Rotadogado

View or edit on GitHub

This page is synchronized from trase/data/brazil/logistics/gta/originals/rotadogado/Readme.md. Last modified on 2026-02-03 10:30 CET by Jason J. Benedict. Please view or edit the original file there; changes should be reflected here after a midnight build (CET time), or manually triggering it with a GitHub action (link).

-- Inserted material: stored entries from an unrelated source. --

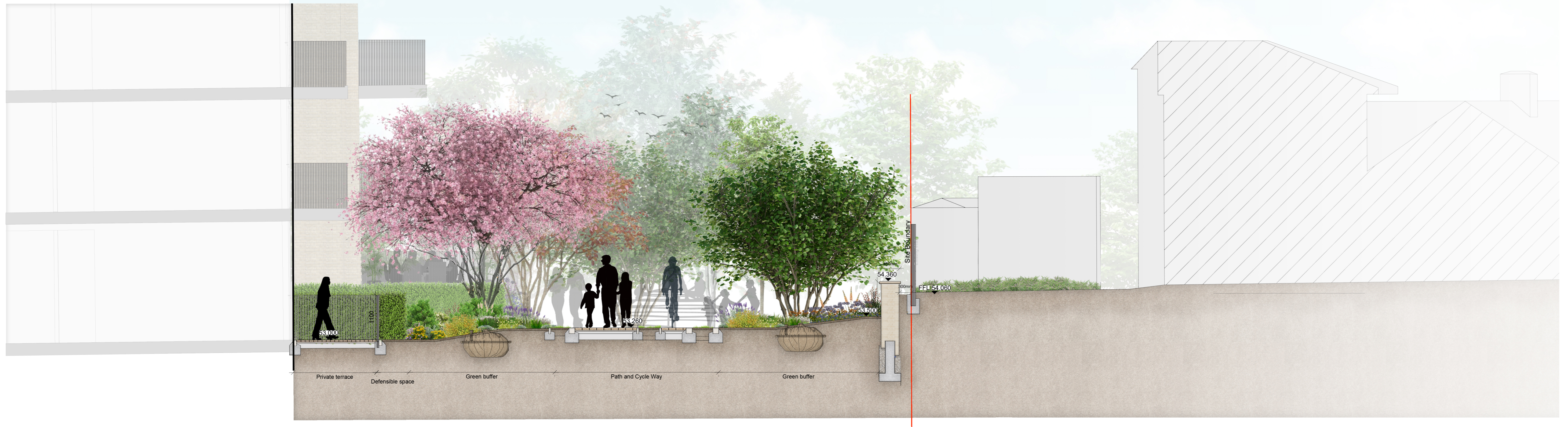
2 Landscape Section scale 1:50 @A0
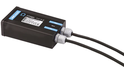
Power Supply 20W 220÷240V/24Vdc Ip67 147
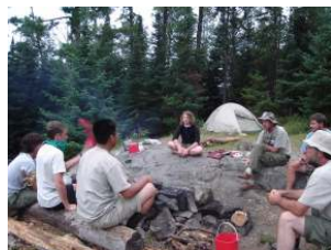
Kawida Lodge members chill at Northern Tier High Adventure Base this summer.
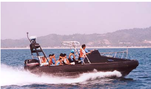
MSET INFLATABLE COMPOSITE CORPORATION SDN BHD
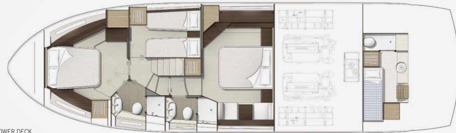
LOWER DECK Shown with optional crew cabin
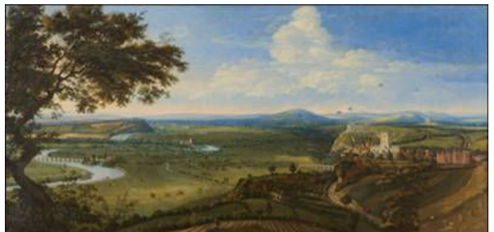
Nottingham from the East Jan Seberechts Nottingham Castle Museum

Whilst the lack of museum/gallery visit means that the overall experience would be to some extent compromised for pupils and their teachers, this confidence that a Take One Picture approach can still work in such a situation indicates both this student’s determination to use the ideas and also the remote availability of museum and gallery resources facilitated by the Partnerships.
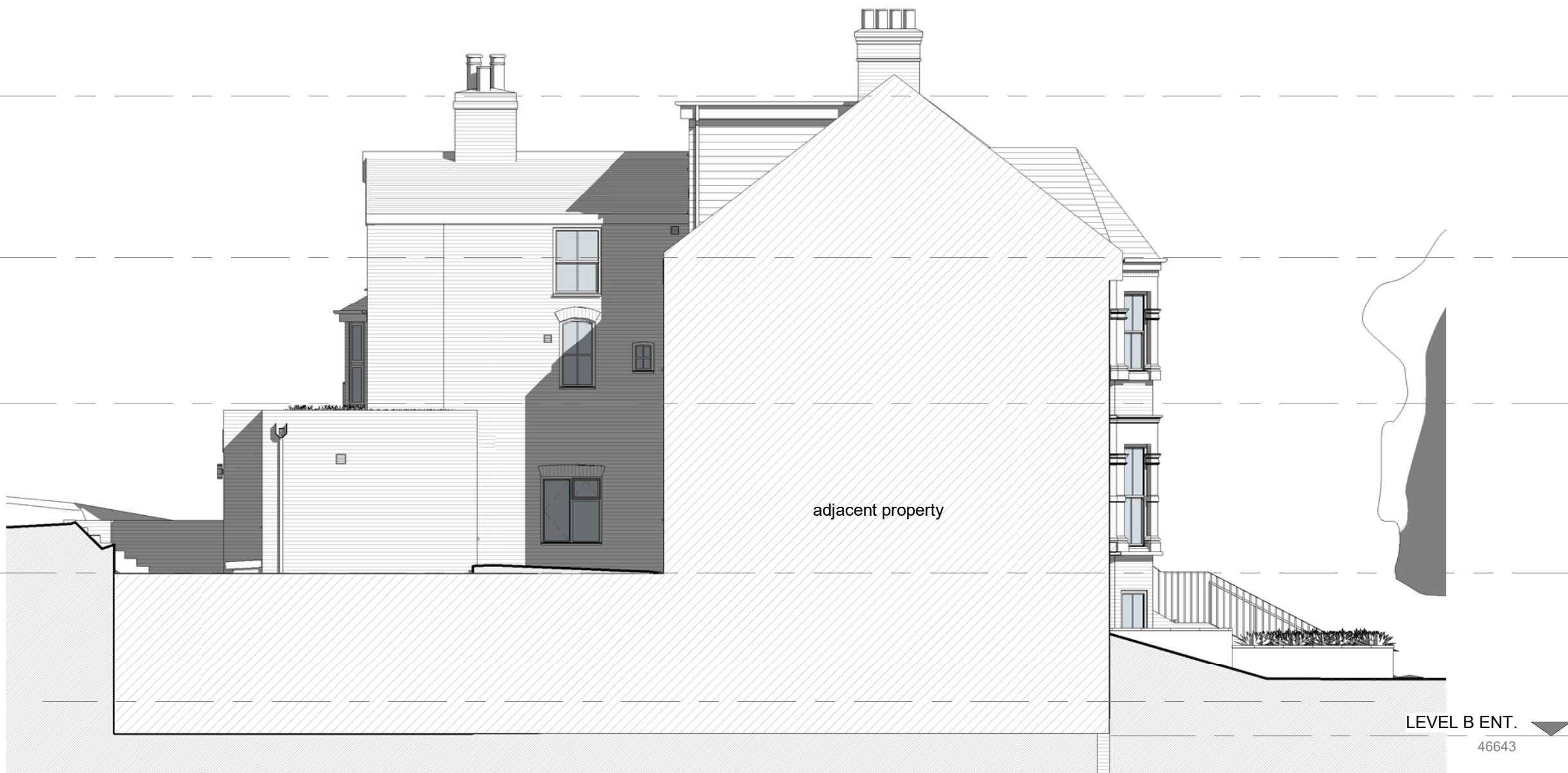
2. Left Side - Proposed 1 : 100

Download of GTAs from 'Rota do Gado'

These scripts download the GTA information from Reporter Brazil's service 'Rota do Gado', using its REST API (see Rota_do_Gado_API.pdf in this directory).

The API allows for retrieving: - A summary of a given slaughterhouse or farm, including the total animal movements and their purposes, the geographic polygons of associated physical establishments, fines, embargos, among others. - The GTAs where a given slaughterhouse or farm is an origin or destination.

Main script (`rotadogado_download.py`)

Summary

Will save in a specified S3 destination the summary and GTAs of a list of CPFs/CNPJs of slaughterhouses and farms. If will only retrieve and save new or updated information based on the contents of the summary data.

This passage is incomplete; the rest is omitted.